Detailed Description

Contains the entire Regina calculation engine.

Define REGINA_VERIFY_LPDATA to check invariants as the algorithm runs.

This checking is slow and can increase the running time significantly.

Typedef Documentation

safe_tuple_element

template<int pos, typename tuple , typename out_of_range = void>

using regina::safe_tuple_element

Initial value:

 typename regina::detail::safe_tuple_element_impl<
    pos, tuple, out_of_range>::type

An alternative to std::tuple_element that gracefully handles an out-of-range index.

If pos is a valid index into the tuple type tuple, then this type alias is identical to std::tuple_element<pos, tuple>::type. Otherwise this type alias is identical to the argument out_of_range.

Note that you should not append type when using safe_tuple_element (i.e., this is really a drop-in replacement for the C++17 type alias std::tuple_element_t, and not the C++11 structure std::tuple_element).

Template Parameters

pos	an index, which may take any integer value.
tuple	a std::tuple type (which is allowed to include const and/or volatile modifiers).
out_of_range	the type to use if pos is not a valid index into tuple.

Enumeration Type Documentation

NamedPermGroup

enum regina::NamedPermGroup

Constants that represent particular well-known classes of permutation groups.

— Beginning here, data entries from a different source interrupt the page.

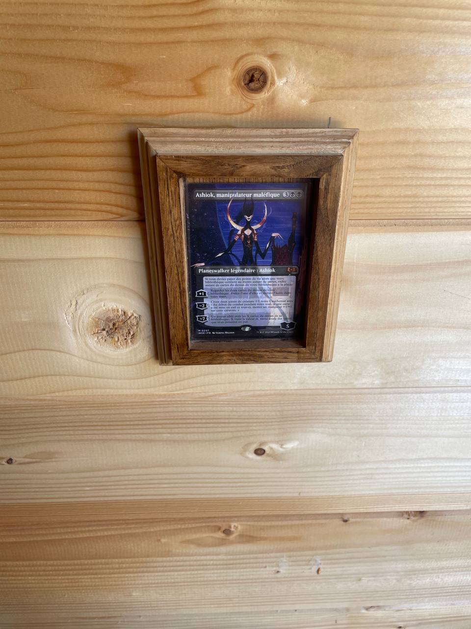 Sublimez vos cartes de collection avec ce cadre en bois, conçu pour les exposer avec élégance tout en les protégeant. Fait main, ce cadre mettra en valeur vos trésors tout en s’intégrant parfaitement dans n’importe quel espace.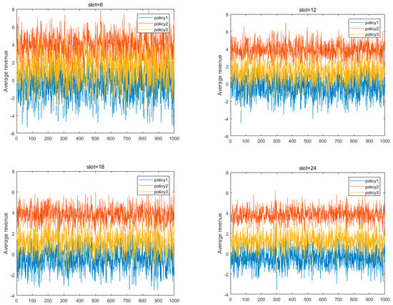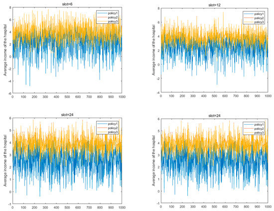 According to the Figure 7, the optimal strategy (strategy 1) for patient satisfaction target is set, the optimal strategy (strategy 2) for hospital revenue target is set, and the optimal strategy (strategy 3) for a balanced target is set. After 1000 service days, the average benefits of the three optimal strategies in the four slots under their respective measurement indexes are obtained.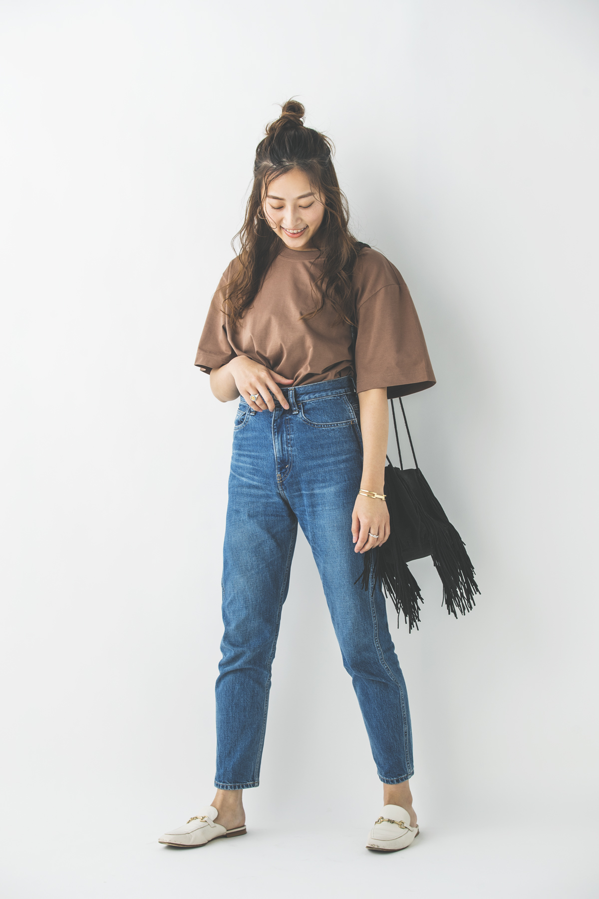 「Tシャツのシルエットや少しハリのある光沢感がトレンドど真ん中のデザインだから、同じくトレンドのハイウエストデニムと合わせるだけで、旬なスタイルになれるのがお気に入り。バッグはニュアンスと辛口なムードを楽しめる黒のフリンジバッグを合わせました」 (中村美貴さん IT関連勤務・27歳 160cm)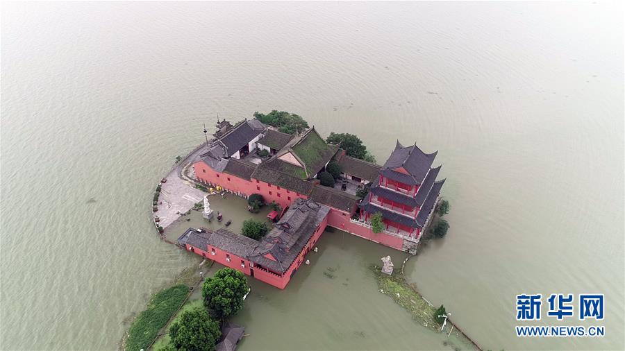 7月21日在安徽省合肥市巢湖邊拍攝的被水淹的建筑(無人機照片)。當日10時24分,巢湖中廟站水位達到13.36米,該水位系巢湖洪水設防的百年一遇標準。新華社記者屈彥攝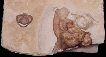![]() (there are also two brachiopods on the Huntonia) about 400 Mya |

These constants are intended to be used with permutation groups on n elements for arbitrary n. (In particular, you can pass them to the PermGroup<n> constructor.)

Enumerator
PERM_GROUP_TRIVIAL	Represents the trivial group on n elements, containing only the identity permutation.
PERM_GROUP_SYMMETRIC	Represents the symmetric group on n elements, containing all n! possible permutations.
PERM_GROUP_ALTERNATING	Represents the alternating group on n elements, containing all n!/2 even permutations.

PacketHeldBy

enum regina::PacketHeldBy

Internal constants that support wrapped packets.

These constants indicate whether an object of type Held is in fact part of the inherited interface for a derived class of Held, which is typically the wrapped packet type PacketOf<Held>. These constants are used as a lightweight (and significantly less rich) replacement for polymorphism, virtual functions and dynamic casts.

These constants only know about two types of relationships:

• an object of type Held being part of a larger PacketOf<Held> (indicated by the constant HELD_BY_PACKET);
• an object of type Triangulation<3> being part of a larger SnapPeaTriangulation (indicated by the constant HELD_BY_SNAPPEA).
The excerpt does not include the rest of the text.